哺乳动物的肝脏糖异生对维持饥饿血糖水平及其重要，但是，糖尿病人肝脏中糖异生被过度激活，这是糖尿病人高血糖的一个重要原因。我们前期研究工作表明，肝脏转录因子Foxq1受到营养状态和病理状态调控，db/db糖尿病小鼠肝脏中Foxq1的表达明显下降。在db/db糖尿病小鼠肝脏中激活Foxq1，明显抑制肝脏糖异生，降低血糖水平，改善葡萄糖耐受和胰岛素敏感性。CoIP，GST-pull down实验表明，Foxq1可以与FOXO1直接相互作用。这些结果表明Foxq1是一个重要的调节机体糖脂代谢的因子。本申请拟从分子水平，细胞水平及动物整体水平，系统研究Foxq1如果调控肝脏的糖脂代谢，构建肝脏组织和脂肪组织特意敲除Foxq1小鼠模型，研究Foxq1在这些组织中的功能。研究肝脏的糖脂代谢网络，鉴定新的可行的治疗靶点，对预防和治疗2型糖尿病极其关键。

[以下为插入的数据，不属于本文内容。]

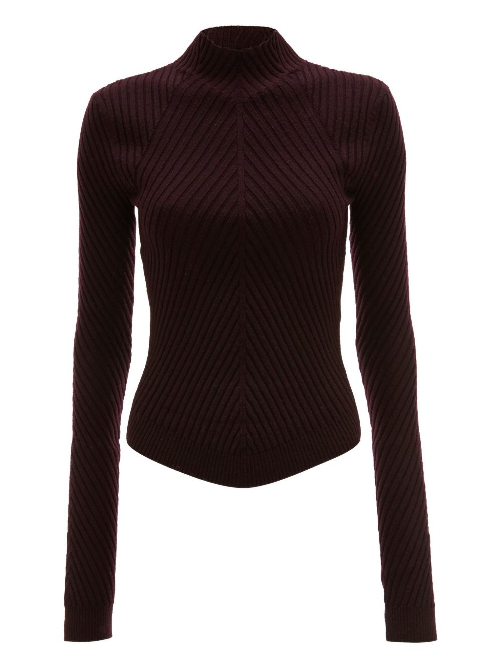 ribbed high-neck polo top Highlights - Burgundy - Ribbed knit - High neck - Long sleeves - Slim fit - Chevron pattern Imported Composition Merino 100% Washing instructions Read Manufacturer Guidelines
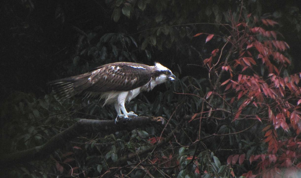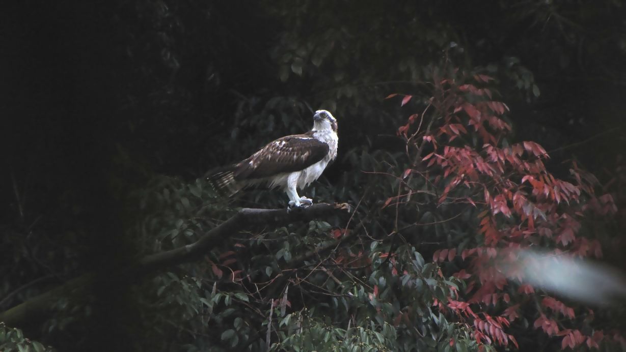 ミサゴが獲物を捕らえてミサゴ席に留まりました。食事場として使っている所を初めて確認出来たのです。車から降りて上流側へと歩いて行き、彼から見えなくなった時点で、今度は下流側へと走って近づきます。
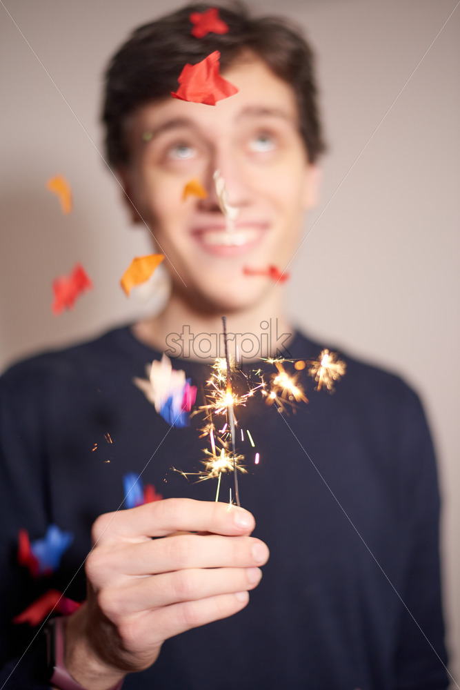Young man holding sparkler while dreaming about something. Looking up and smiling. Confetti flying. Christmas holiday idea Royalty Free Stock photo
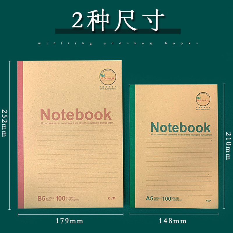 长江防近视笔记本牛皮纸本子a5软面抄日记本学生记事本B5大本子厚
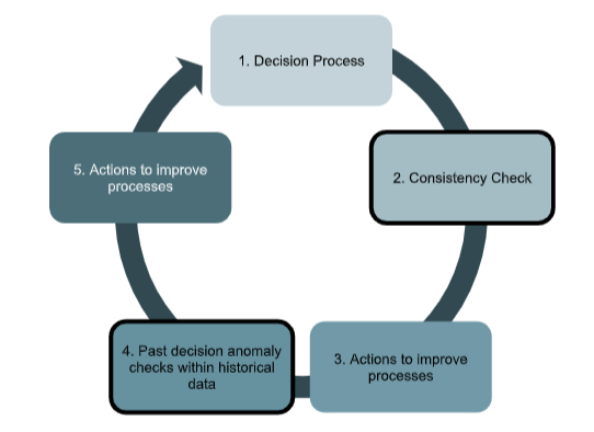 FairBorrow™.Ai enables a continuous improvement to the decision-making process by providing decision-makers, such as underwriters, the option to check their decisions for consistency. Such checks can be performed at single-decision levels, or in bulk, such as one week’s worth of loans. An underwriting team leader can, in some instances, also submit a group of loans on behalf of the members of the underwriting team. The consistency checks provide underwriters actionable intelligence on which areas to focus to reduce or eliminate decision consistency.
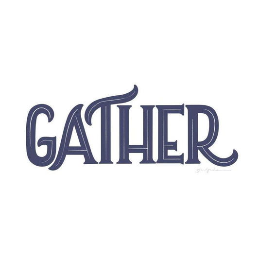 Farmhouse Gather Navy Gold Ornate Wood Framed Art Print with Double Matting by Graham, Gia
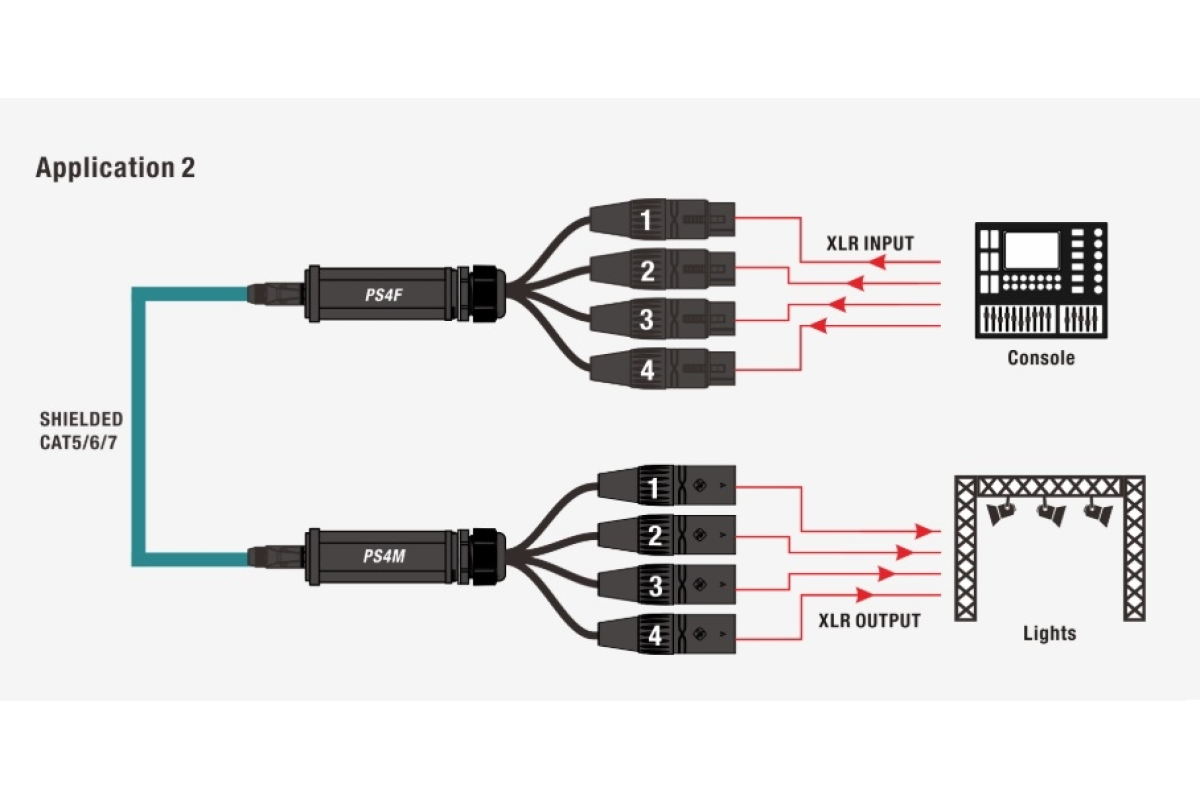 Используется для подключения одного экранированного кабеля CAT5, 5E, 6, 6A или 7 для передачи и приема сигналов от нескольких пультов управления освещением, микрофонов, музыкальных инструментов, колонок и других аудиоустройств. Обеспечивает компактную и удобную передачу многоканальных цифровых сигналов или аналоговых сбалансированных сигналов.
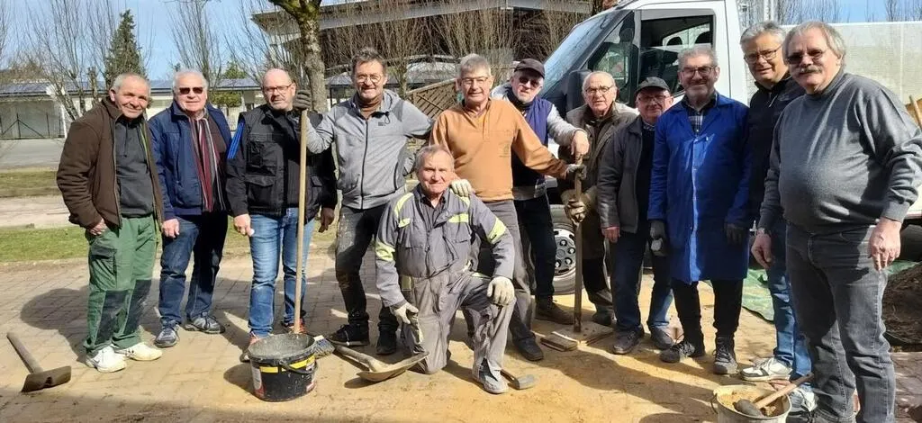 À la salle polyvalente, une dizaine d’hommes mettaient du cÅ“ur à l’ouvrage afin de réaliser une rampe d’accès au gymnase :  Ça faisait deux-trois ans que nous parlions de ce projet. C’était l’occasion de le faire aujourd’hui. Lors des R’Hunaudières, les voitures sont exposées dans la salle polyvalente. À cause d’une marche, les autos avaient des difficultés à entrer. Nous avons donc dépavé puis repavés afin de faciliter l’entrée des voitures. Ces travaux permettent également de créer un accès PMR supplémentaire.Â
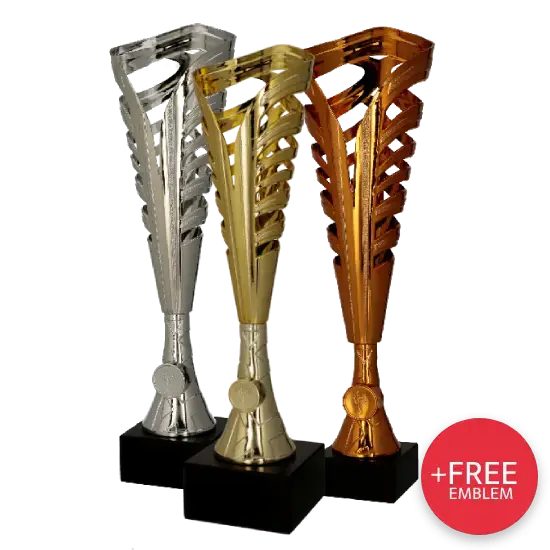 Pokal 8361 ist eine elegante und moderne Auszeichnung, die Erfolge in jeder Disziplin würdigt. Erhältlich in drei Farbvarianten – Gold, Silber und Bronze – ermöglicht er ein komplettes Set für die Erstplatzierten auf Platz 1, 2 und 3 und unterstreicht so die Bedeutung des Erfolges.
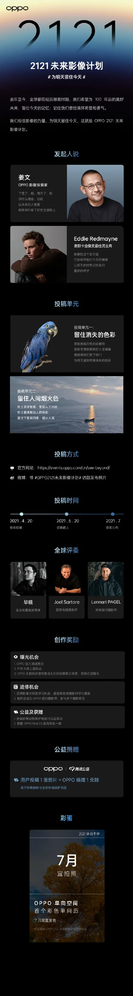 “去年至今,全球都在经历艰难时期,我们希望为100年后的美好未来,留住今天的记忆:记住我们曾经满怀希望和勇气。我们相信影像的力量,为明天留住今天,这就是OPPO2121未来影像计划”。
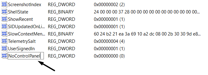 5.TipoSin panel de controlen elNombre del valor:campo de texto en elValor DWORD (32 bits)ventana.

哺乳动物维持机体血糖稳定对于保证机体正常的生理功能至关重要，在病生理状态下,比如2 型糖尿病,其胰岛素信号通路受到伤害,最终导致血糖升高。阐明机体血糖血脂调控机制,可以为治疗2 型糖尿病提供有效的治疗靶点。我们的前期工作表明，FOX 家族成员FOXP1 参与了肝脏糖脂代谢。在此基础上，我们进一步系统研究了FOX家族其他成员是否参与了机体的糖脂代谢。在该项目的支持下我们取得了以下研究成果：肝脏中FOXQ1受到病理状态和营养状态调控。我们发现FOXQ1能抑制肝脏糖异生，降低血糖，改善葡萄糖耐受和胰岛素敏感性，并且阐明了其作用分子机制，FOXQ1可以和FOXO1竞争性相互作用，阻止其结合到IRE转录元件上，进而阻止了FOXO1引起的糖异生相关基因的表达增高，尤其是G6Pase，从而调节肝脏糖代谢平衡,但是FOXQ1并没有影响脂肪细胞分化。该研究成果发表在(Diabetologia, 2016, 59 (10), p2229-2239)。.在该项目的支持下，我们还开展了其他研究，关于脂肪中的KLF9通过PGC1A调控脂肪组织产热的相关研究成果发表在Diabetes (2020), 关于肝脏中的KLF9通过调控肝脏糖异生调节机体血糖的相关研究成果发表在JCI (2019), 关于脂肪中SITR6通过结合和磷酸化ATF2调节其结合PGC1α启动子的作用，从而调节脂肪产热功能的相关研究成果发表在Cell Reports (2017), 研究KLF10调节肝脏糖代谢的研究成果发表在Diabetologia (2017),研究肝脏中的SIRT1通过去乙酰化FOXA2从而调节机体的胆汁酸代谢的相关研究成果发表在 BBA (2017),研究骨骼肌中SIRT6通过调节AMPK的活性从而调节肌肉组织的糖脂代谢，脂肪酸氧化以及线粒体氧化磷酸化的相关研究成果发表在 Am J Physiol- Endocrinol Metab (2017)上。